60-months terms tend to have C and B ratings.

In [None]:
plt.figure(figsize=(15,10))
sb.countplot(data=df, x='ProsperRating (Alpha)', hue='EmploymentStatus')
plt.title('ProsperRating Count', fontsize=14)
plt.xlabel('ProsperRating', fontsize=12)
plt.ylabel('log(Count)', fontsize=12)
plt.yscale('log')
sb.despine()

not-employed only appear in only D rating.
self-employed have less mean rating.

### Talk about some of the relationships you observed in this part of the investigation. How did the feature(s) of interest vary with other features in the dataset?

> 
        APR has negative relation with ProsperRatings.
        The APR has negative relation with MonthlyIncome.
        The APR has negative relation with LoanAmount.
         



### Did you observe any interesting relationships between the other features (not the main feature(s) of interest)?

> 
        LoanAmount has positive correlation with MonthlyIncome.
        LoanAmount has positive correlation with ProsperRatings. High loanAmounts tend to have higher ratings.
        More MonthlyIncomes have higher ratings.
        Large loanAmounts are made by employed borrowers.
        36-months terms are the most popular across all ratings.
        HR ratings have only 36-months terms.
        not-employed and self-employed have less mean rating.
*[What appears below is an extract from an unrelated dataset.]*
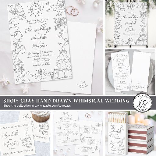 Europese geïnspireerde grijze handgetekende eigenzinnige schetsen grillige bruiloft uitnodiging. Perfect voor koppels die op zoek zijn naar een creatieve, luchtige touch met een Europese flair, dit speelse ontwerp onderscheidt zich door een dynamische opstelling van grote handgetekende illustraties rond de tekst en vloeiend van de randen voor een artistieke en moderne look. Het ontwerp is vormgegeven in een verfijnd grijs palet en straalt een gevoel van persoonlijke charme uit, terwijl het een elegant Europees tintje behoudt. Het ontwerp is voorzien van grillige schetsen van bruiloftselementen, waaronder een sprankelende discobal, trouwklokken, een camera, een champagnetoren, harten, een gelaagde taart, bloemen en een "Just Married" -auto. Deze eigenzinnige doodles brengen een leuke, zorgeloze sfeer op de uitnodiging met behoud van de verfijnde esthetiek. Uw bruiloft details worden getoond in een mix van script en handgeschreven-stijl lettertypen, toe te voegen aan de ontspannen maar stijlvolle aantrekkingskracht. Volledig aanpasbaar, deze uitnodiging kunt u kleuren, tekst en lay-out aan te passen aan uw bruiloft visie. Dit unieke en gedenkwaardige ontwerp, digitaal gedrukt of gedeeld, is perfect om uw speciale dag met persoonlijkheid en charme aan te kondigen.

## Multivariate Exploration

> Create plots of three or more variables to investigate your data even
further. Make sure that your investigations are justified, and follow from
your work in the previous sections.

In [None]:
plt.figure(figsize=(10,10))
g=sb.FacetGrid(data=df, col='Term', col_wrap=4, height=5, aspect=1.2)
g.map(sb.regplot, 'LoanOriginalAmount', 'BorrowerAPR', color='darkblue', x_jitter=100, scatter_kws={'alpha':0.1});

It seems that Term has no effect on the relation between APR and LoanAmount.

In [None]:
plt.figure(figsize=(10,10))
g=sb.FacetGrid(data=df, col='ProsperRating (Alpha)', col_wrap=4, height=5, aspect=1)
g.map(sb.regplot, 'LoanOriginalAmount', 'BorrowerAPR', color='darkblue', x_jitter=100, scatter_kws={'alpha':0.1});

The Negative relation between the APR and loanAmount turns to be slightly positive in high ratings!

In [None]:
plt.figure(figsize = (10,16))
plt.subplot(3,1,1)
sb.barplot(data=df, x='ProsperRating (Alpha)', y='BorrowerAPR', hue = 'Term')
plt.title('APR vs rating across term')
plt.ylabel('Mean APR')

plt.subplot(3,1,2)
sb.barplot(data=df, x='ProsperRating (Alpha)', y='LoanOriginalAmount', hue = 'Term')
plt.title('LoanAmount vs rating across term')
plt.ylabel('Mean LoanAmount')

plt.subplot(3,1,3)
sb.barplot(data=df, x='ProsperRating (Alpha)', y='StatedMonthlyIncome', hue = 'Term')
plt.title('MonthIncome vs rating across term')
plt.ylabel('Mean MonthIncome');

There is negative relation between APR and rating across all terms.
There is positive relation between LoanAmount and rating for 36-months and 60-months terms but there is no change in 12-months term.
For monthly income vs rating, the behaviour across all terms is quite similar with weak positive relation.

### Talk about some of the relationships you observed in this part of the investigation. Were there features that strengthened each other in terms of looking at your feature(s) of interest?

> we confirm the negative correlation between APR and LoanAmount across all terms. However, observing this relation across ratings, we found that it is a negative relation that turned to be slightly positive with higher ratings surprisngly. there is also negative relation between mean APR and ratings across all terms, while there is positive relation between LoanAmount and ratings across all terms. Income and ratings have similar behaviour with weak positive relation.

### Were there any interesting or surprising interactions between features?

> yes, APR vs LoanAmount's negative relation turning to be slightly positive in higher ratings.